Graphic that reads, "What are closed syllables and how to teach them."

Closed Syllable Definition

Closed syllables are syllables that contain one vowel sound, and that vowel is ‘closed in’ by a consonant, causing the vowel to say its short sound. That’s why they are called “closed” syllables.

  • Most CVC words (consonant, vowel, consonant) are examples of closed syllables – e.g. cat.
  • Closed syllables can also begin with a vowel and end with a consonant – e.g. it.
  • Digraphs can also be used to ‘close’ in a vowel and make it say its short sound – e.g. ash.


  • hat
  • pen
  • up
  • jam
  • lip
  • in
  • fish

See how all of these words have a consonant closing in the vowel, making the vowel say its short sound? That means it’s a closed syllable!

Of the six syllable types, closed syllables are the first and most important syllable type to teach to children.

🙋🏽‍♀️Did you know? In a study by M. Stanback (1992), thousands of English words were analyzed and it was determined that about 43% of syllables in all English words are closed syllables.

Open & Closed syllable house posters on a bulletin board.
We keep these Open & Closed Syllable House posters on display to help students as they work!

How to Teach Closed Syllables

Below we discuss some tips for teaching closed syllables, as well as descriptions of the practice worksheets we’re providing for free!

1. Background Vocabulary

First, children need to know these words and their meanings: vowel, consonant, short vowel, long vowel, and syllable.
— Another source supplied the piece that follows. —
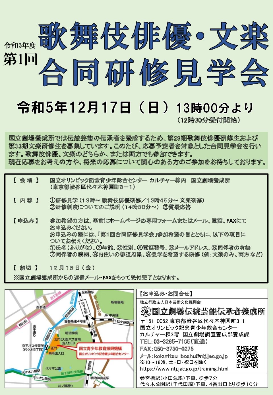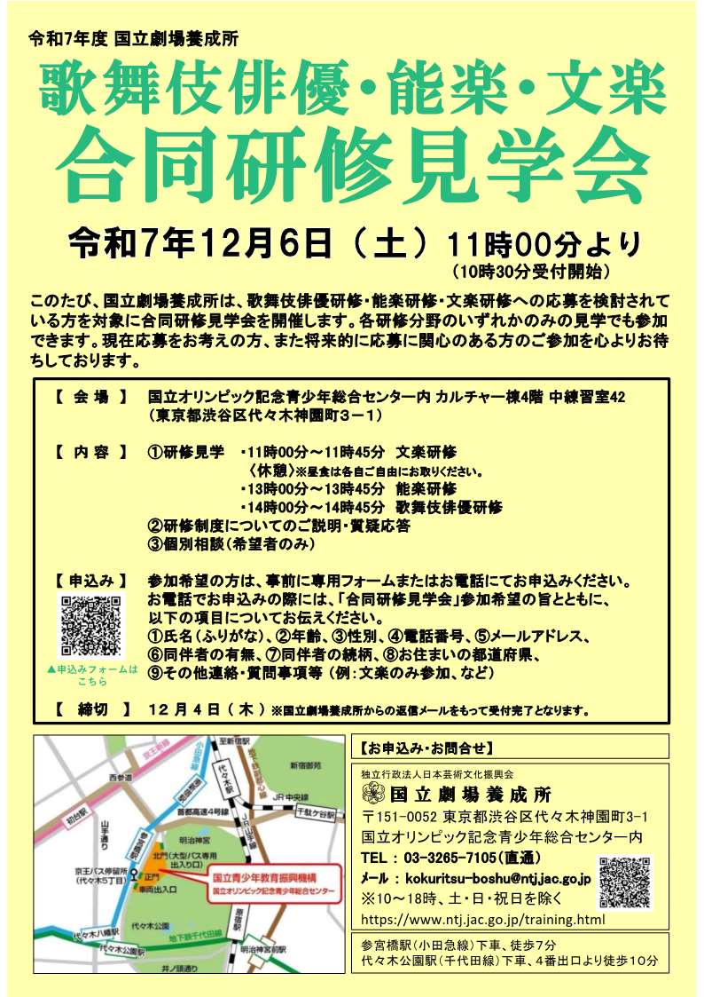 12月6日 国立劇場養成所 歌舞伎俳優・能楽・文楽 合同研修見学会を開催します 2025.11.12募集ほか

These terms are essential for structured literacy instruction (OG).

Even if you’re teaching letters and sounds to your pre-k and kindergarten students, be sure to use these academic terms!

If your students already know their letters and sounds, then quickly teach and review these terms and their meanings and provide examples, using anchor charts as well. They should catch on quickly!

Graphic showing three of the closed syllables worksheets beside pencils and a pair of scissors.

2. Meaning

Next, explicitly teach what a closed syllable is: A vowel closed in by the consonant, making the vowel say its short sound. Teach and model using closed-syllable words.

Remember to point out that every syllable must have a vowel. Use our list of of CVC words for teaching closed syllables.

Use Real and Nonsense Words

When teaching closed syllables, be sure to use real and nonsense words. Children will need to be familiar with nonsense closed syllables, because they will see many of them in multisyllable words.

Think about the word ‘volcanic.’ This is a word that adults would easily recognize and read automatically, but children will need a strategy for decoding or spelling this word. The word ‘volcanic‘ is made up of three closed syllables:

vol – can – ic

This word is made up of three closed syllables, two of which are nonsense syllables. Knowing the rule (that a consonant closes in a vowel and makes it say its short sound) enables children to break the word apart into syllables, reading each syllable type correctly.

Three printed and completed closed syllables worksheets.

3. Practice

We’re providing three free worksheets for practice!

Syllable Sort

We love this Syllable vs. Not a Syllable Sorting worksheet! This activity will help students locate vowels within words and syllables. Then, they’ll practice reading both real words and nonsense words as they apply the rule of closed syllables.

👉 Be sure the child is saying the short sound of the vowel for the closed syllable words. This will tell you whether they understand the concept of closed syllables or whether additional teaching and modeling is needed.

Syllable Division

After kids are successful reading one-syllable closed-syllable words with accuracy, it’s time to move on to longer words!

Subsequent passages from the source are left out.